Novel therapeutics have evolved regarding specificity and safety improvements, towards the obtainment of more effective treatments over the conventional counterparts through aiming specific target cells without damaging the healthy surroundings.

The search for green biomaterials, which can be easily obtained from the nature, has been growing in the research community. Melanin, a biodegradable and biocompatible material has shown to be very promising among distinct research areas, as biomedicine, dermocosmetics, nanotechnology and bioengineering. This way, due to its intrinsic properties, melanin nanoparticles plays an important role in the development of new controlled delivery systems in the search for new therapies based on the alteration of internal or external conditions. [1,2]

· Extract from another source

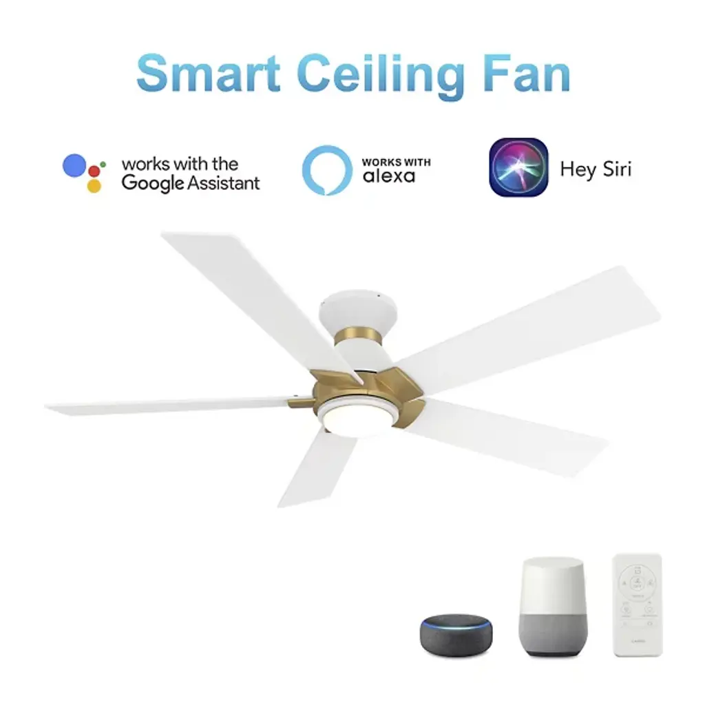 Give your home a distinguished look with the Ascender LED Smart Flushmount Ceiling Fan by Carro USA. The eyes are drawn to the banded embellishment that encircles the covering of an AC motor. The hourglass-shaped housing provides space for the motor to set the blades of this ceiling fan in motion. A pleasant feeling of circulation fills your room, keeping you cool and tranquil. Adjust the fan’s power and the LED light’s brightness from an easily accessible wall control.
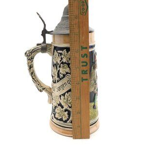 Crafted in Western Germany, this vintage beer stein exudes a rustic charm that harkens back to the Bavarian taverns of yesteryear. Made from durable stoneware, this piece features intricate relief scenes that transport you to a German beer hall. The pewter lid adds an authentic touch, making it a true collector's item for any beer enthusiast. With a retro design that pays homage to the Prost culture, this stein is a nostalgic reminder of traditional German craftsmanship.

In this context, "smart materials" occupy a prominent place of interest owing to the ability of modulating the drug release profile under specific internal or external stimuli. Inherently conductive polymers (ICPs) present electrical, magnetic and optical properties and accoupled to a drug can be an easy system since we hypothesize that the drug release profile can be controlled by applying an external electrical current as a stimuli, through alterations in the redox state of ICPs. [3,4,5]

Previously synthetized functionalized melanin nanoparticles (FMNPs) with electro-responsive polymers, such as dopamine and pyrrole, will be used to assess the in vitro release profile of hydrophobic and hydrophilic model drugs such as dexamethasone and methylene blue, respectively. The studies will be performed in sink conditions and the incorporation efficiency and continuous release of the drug will be assessed.  Furthermore, in vitro drug release studies using electrical stimulation, will be performed to promote a controlled drug release of the drug using a function generator to vary the voltage and frequency of the stimuli.

References

1. Solano, F., Int J Mol Sci, 2017. 18(7).

2. Meredith, P. and T. Sarna, Pigment Cell Res, 2006. 19(6): p. 572-94.

3. Svirskis, D., et al., Journal of Controlled Release, 2010. 146(1): p. 6-15.

4. Esrafilzadeh, D., et al., J Control Release, 2013. 169(3): p. 313-20.

5. Pernaut, J.-M. and J.R. Reynolds, The Journal of Physical Chemistry B, 2000. 104(17): p. 4080-4090.